Are you planning for your child's education? If your 3 year baby is getting into a play school in 2015 (which has become necessary for admission in schools), you will be spending close to Rs. 42 million on education alone. This is when he/she will study in government funded/aided schools and colleges. The fees component alone is Rs. 31 million and another 11 million would be incidental costs (transportation, books etc.) on education alone. To know how, read on.
The ROI for investment in a student in India is abysmal. As a prudent financial practice, it is no longer viable to fund your education with loans. Successful examples are like a lottery with odds of better ROI heavily loaded against you. Costs of education have galloped to catch up with west while the output measured as salaries, employability and knowledge haven't kept pace. Most MBAs are placed at a salary of less than 4 lacs (if at all they are placed). Three quarters of engineers don't get a job after passing out.
So, in pure arithmetic terms, are you better off saving that money and handing over a fixed deposit to your child after 22 years? Imagine a Rs. 42 Million FD to secure your child's future. In the interim, he can study in a good government school (as many of us did), understand real world, devoid of protection and enjoys his childhood and maybe pursue dreams and his passion instead of competing in the rat race.
Does it make sense? No tensions of marks, grades, courses, coaching, tuition, placements, interviews. Live your childhood, get tougher, pursue your dreams and save close to Rs. 42 million. IMAGINE.
The major assumptions are:
- Return on capital employed is assumed at 11%.

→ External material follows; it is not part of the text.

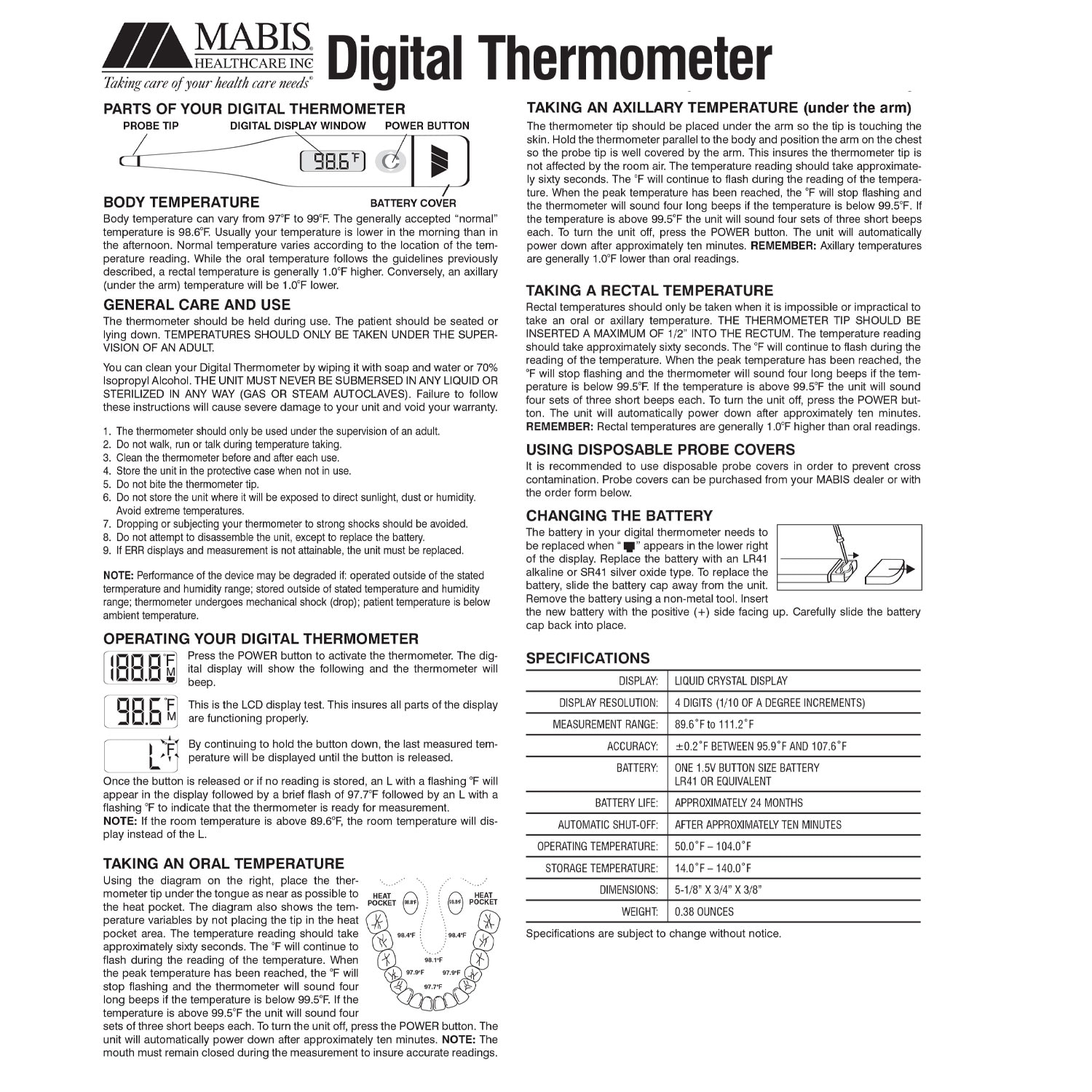 MABIS® 60-Second Clinically Accurate Digital Thermometer SKU: 15-691-000 Pinit $6.15 Quantity discounts available QuantityPrice -+ Add to Cart SpecificationsProvides quick, accurate readings for oral, rectal or underarm use for babies, children and adults. Fast 60-second readings. A convenient tone indicates peak temperature. A special fever alarm alerts you to temperatures above 99.5 degrees. Large digital display makes the readings easily visible. The thermometer is lab tested for accuracy up to 2/10th of a degree Fahrenheit. This compact thermometer is lightweight and easy to use and store. Memory recall and auto shutoff Includes 5 probe covers, convenient clear storage case and long life LR41 battery 5 1/8 x ¾ x 3/8 inches 1-year Limited warrantyUPC: 767056156913

- School Fees for past years is actuals. For 2015, it is as of today.
- The fees are of a school built on government grants and where fees is decided by parents and school together. Pure private education is 100% more.
- For higher education, the fees are twice of what they are today in IITs and IIMs; that means doubling in 15 years and good Private engineering colleges fees are typically 2.5 times of IITs.
- The period of education from pre-school to PG is assumed as 21 years + one year for job placement.
- A fees inflation of 7% is assumed. In reality, it is more than 10%.
- Other costs are assumed at 35% of fees (transportation, books other fees etc). In many places, the other costs are as much as the total fees (100%).
- Tuition assumed for 3 years only of the 22 years. No coaching is assumed for UG entry while one year coaching is assumed for PG admission tests (CAT etc). Many students have tuitions through the life cycle. And most students go through coaching at UG level too.
Now decide. The financial planner in me has a definite reply, but the parent in me is uncertain. How about you?
In the next 22 years, with the interest of 0.11% and with an approximate inflation of 7% the future value of the total investment will be Rs. 41,804,561 (Rs. 42 million). Hence, this is the amount you may have to invest in your child's education.